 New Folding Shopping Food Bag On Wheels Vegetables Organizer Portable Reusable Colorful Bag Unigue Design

---

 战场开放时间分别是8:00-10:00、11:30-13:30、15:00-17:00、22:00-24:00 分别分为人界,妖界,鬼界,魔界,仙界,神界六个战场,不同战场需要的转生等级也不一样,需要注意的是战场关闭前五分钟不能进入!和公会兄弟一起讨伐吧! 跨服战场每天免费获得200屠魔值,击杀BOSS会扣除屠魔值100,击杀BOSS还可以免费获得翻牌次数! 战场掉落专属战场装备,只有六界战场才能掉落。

* * *

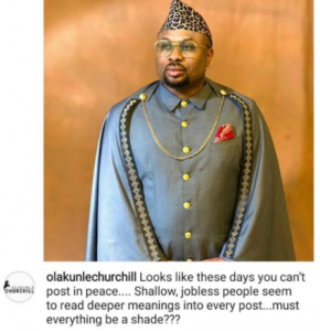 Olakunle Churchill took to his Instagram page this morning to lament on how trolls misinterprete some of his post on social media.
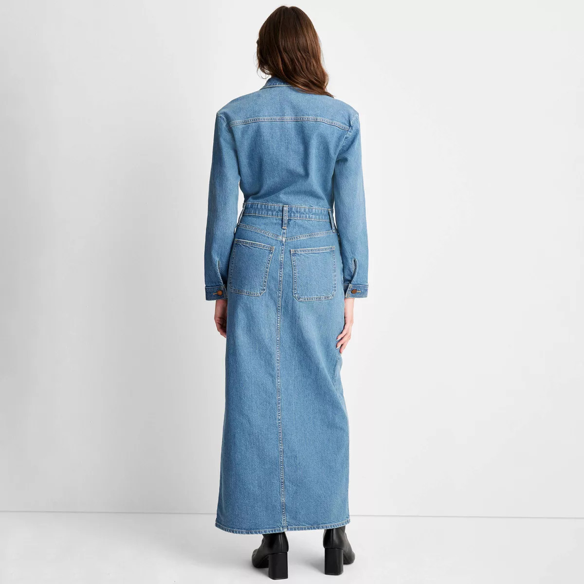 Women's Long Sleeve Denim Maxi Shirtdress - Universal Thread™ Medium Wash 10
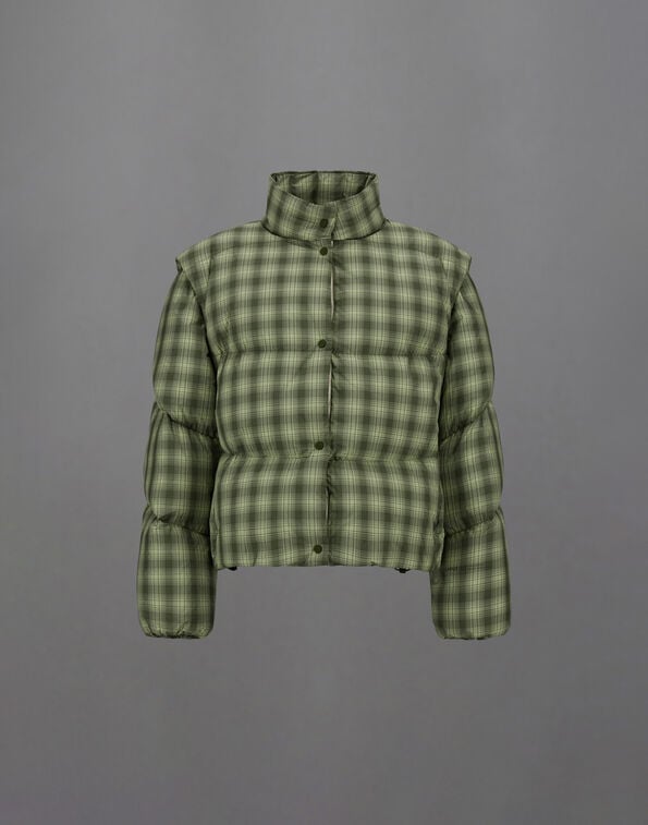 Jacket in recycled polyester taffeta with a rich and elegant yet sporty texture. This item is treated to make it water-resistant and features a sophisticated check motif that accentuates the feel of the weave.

What the exercise asks: Exact copy, pictures excluded: from the line with "Olakunle Churchill took" up to and including the line with "Jacket in recycled" in the data above.

Exercise solution:
 Olakunle Churchill took to his Instagram page this morning to lament on how trolls misinterprete some of his post on social media.
 Women's Long Sleeve Denim Maxi Shirtdress - Universal Thread™ Medium Wash 10
 Jacket in recycled polyester taffeta with a rich and elegant yet sporty texture. This item is treated to make it water-resistant and features a sophisticated check motif that accentuates the feel of the weave.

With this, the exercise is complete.